I think my friend E--- regrets having kids because its tied her to her husband all these years, and he's such a controlling, jealous weirdo, she feels guilty going out to lunch with us, like he's going to check up on her. It's like my parents' marriage, which was shit. I know my bf isn't like that, but... with my problems, and his problems, it just seems like combining them, and then reproducing... a bad fuckin' idea. And if my kids aren't going to have any grandparents except M----'s parents, who are even more dysfunctional and crazy than my family -- well, they'd be better off with none. His father's an alcoholic who disappears for days on end, and his mother spends 9-10 months of the years in Mexico (although that is kind of a bonus, as far as I'm concerned). She hates me anyway because I'm not Catholic or Mexican.

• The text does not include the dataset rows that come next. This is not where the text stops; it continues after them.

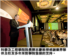 科學及工程學院院長陳志豪教授在晚宴上向逾350位嘉賓致辭,感謝業界夥伴及校友多年來對學院發展的支持,贊助獎學金、捐款及提供實習機會支持學院的發展。
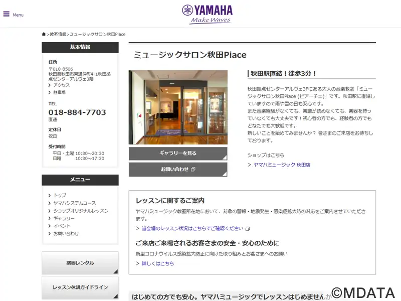 秋田市にあるヤマハ認定講師による共通テキスト、カリキュラムでレッスンを行うレッスンセンター。大人の方にぴったりの音楽の習い事「大人のヤマハ音楽教室」を開講している。オリジナルコースとしてピアノ、ギター、サックス、ドラム、トランペット、トロンボーン、バイオリン、ハープ、フルート、ボーカルのコースも用意している。秋田駅直結の秋田拠点センターアルヴェ内3階。買い物ついでに、仕事帰りに、便利に通えるロケーション。
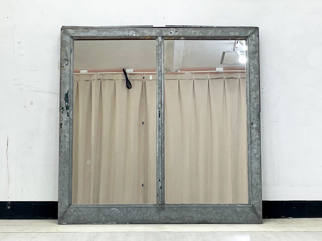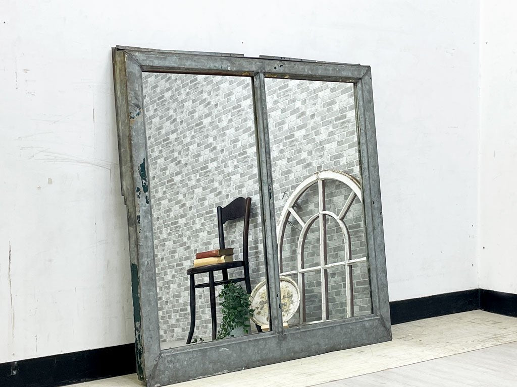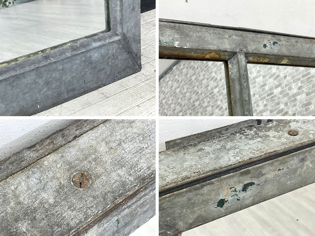 フランス ビンテージ France vintage 窓枠 ウィンドウミラー ブロカント ウォールミラー アンティーク建具 ブリキ ●
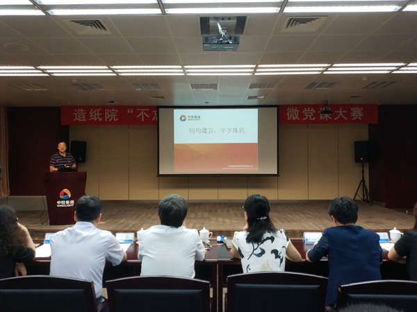 造紙?jiān)喝w黨員百余人參加了本次微黨課活動(dòng),中輕集團(tuán)黨辦主任寧?kù)o蒞臨指導(dǎo)。
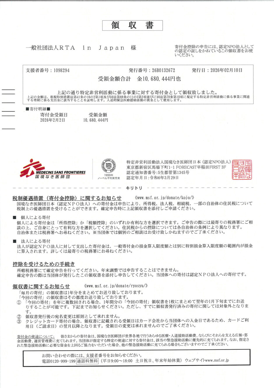 2025/12/25 – 31の間で開催した『RTA in Japan Winter 2025』で得られたTwitch収益について、税金を引いた額を『国境なき医師団』に寄付いたしました。
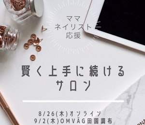 パートナーネイリストとして所属しているOMVÄG田園調布店で、「ママネイリスト応援 賢く上手に続けるサロン」というセミナーを開催しています。テーマは、「ママがネイリストの仕事をどうやって続けていけば幸せでいられるか」。女性はライフステージによって環境が変わっていくので、ネイリストを長く続けることってけっこう難しいんですね。ライフステージが変化しても辛くならずに、ネイリストを続けるためのアドバイスをさせていただいています。
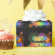 This vibrant and lively birthday-themed wrapping paper design has the message "HAPPY BIRTHDAY, DAVID" having a colorful rainbow spectrum inspired gradient pattern, and an exciting bursting celebratory fireworks inspired background pattern. Vibrant wrapping paper like this might be used when wrapping gifts/presents that are being given in celebration of the birthday of somebody named David. [~Z0000456]
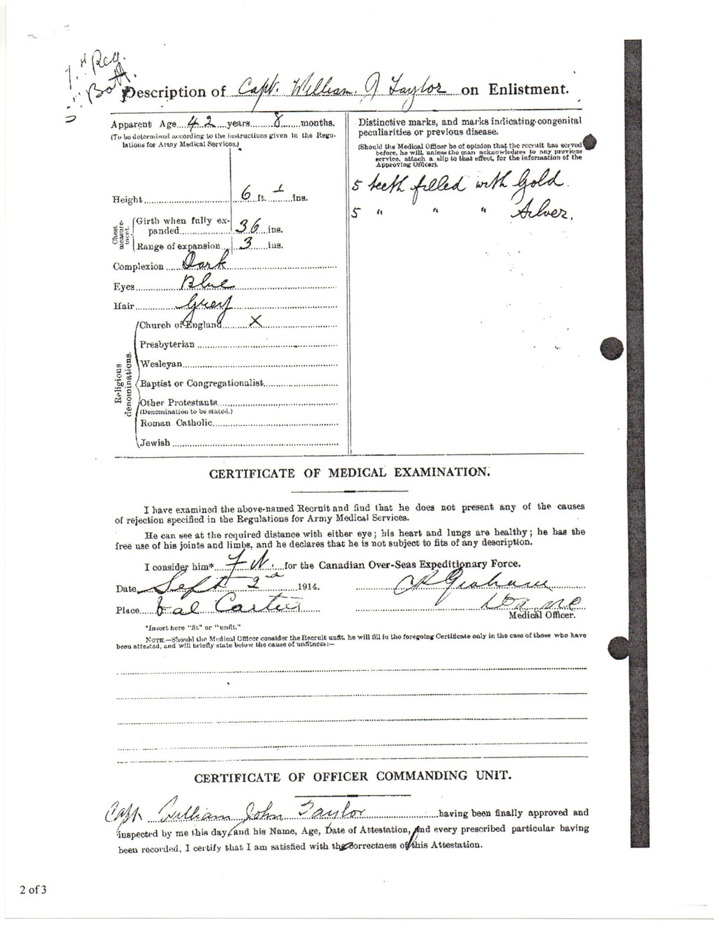WW1 1914-1918. Major Taylor was with the 1st wave of the CEF
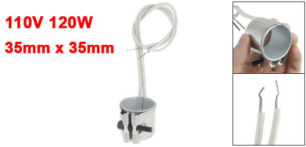 Product Name Band Heater Main Material Stainless Steel, Mica Power 120W Voltage 110V Cable Length 360mm/14.2'' Size 35 x 35mm/1.4'' x 1.4'' (ID*H) Color White, Silver Tone Net Weight 73g Package Content 1 x Band Heater - Reviews
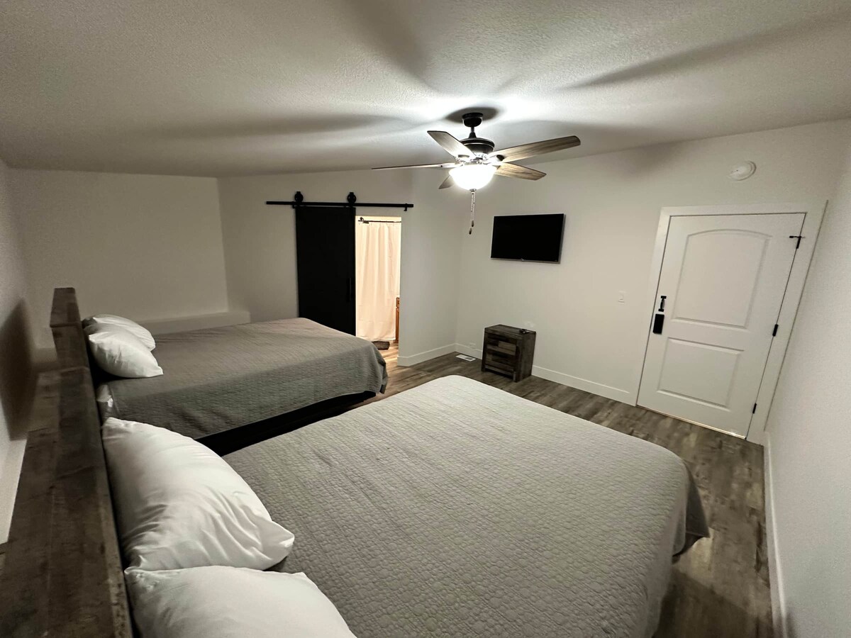 Our Keeper’s Quarters suite is on the main level of our Barndo. This suite offers 2 King bedrooms (with the option of a pullout couch upon request to sleep an additional 2), a full kitchen and dining area and living room area with a 58-in Smart TV already connected to free secure Wi-Fi. Your private bathroom features a large 4x6 shower and a single vanity setup. There is access directly to the main level back deck with your own spacious seating.

It's funny. I knew it would be bad when the CT scan results came back with the enlarged lymph nodes. I just knew it was the cancer, that it was back. But I tried to talk my mom & my sister out of it. It's probably the inflammation from the pneumonitis, I said. It could have been. Even the docs said that might be what it was. But they rushed to get her into the PET scan to be sure. And, well, there you go. Friday the 13th. Figures.

Ironically, my friend M---- at school yesterday, on Friday the 13th, got 2 bags of Cheetos from the vending machine between morning and afternoon classes, and then she won 4th and 2nd prize in the nursing club raffle: a canvas tote bag, and a $200-off coupon for the Martin review for the NCLEX. It was so oddly like the previous night's CSI episode "Lab Rats", which was Hodges' lucky day. (I wasn't even going to watch it -- Hodges is my least favorite character -- but it was actually pretty good.)

Well, Friday the 13th. One person's luck is another person's quagmire.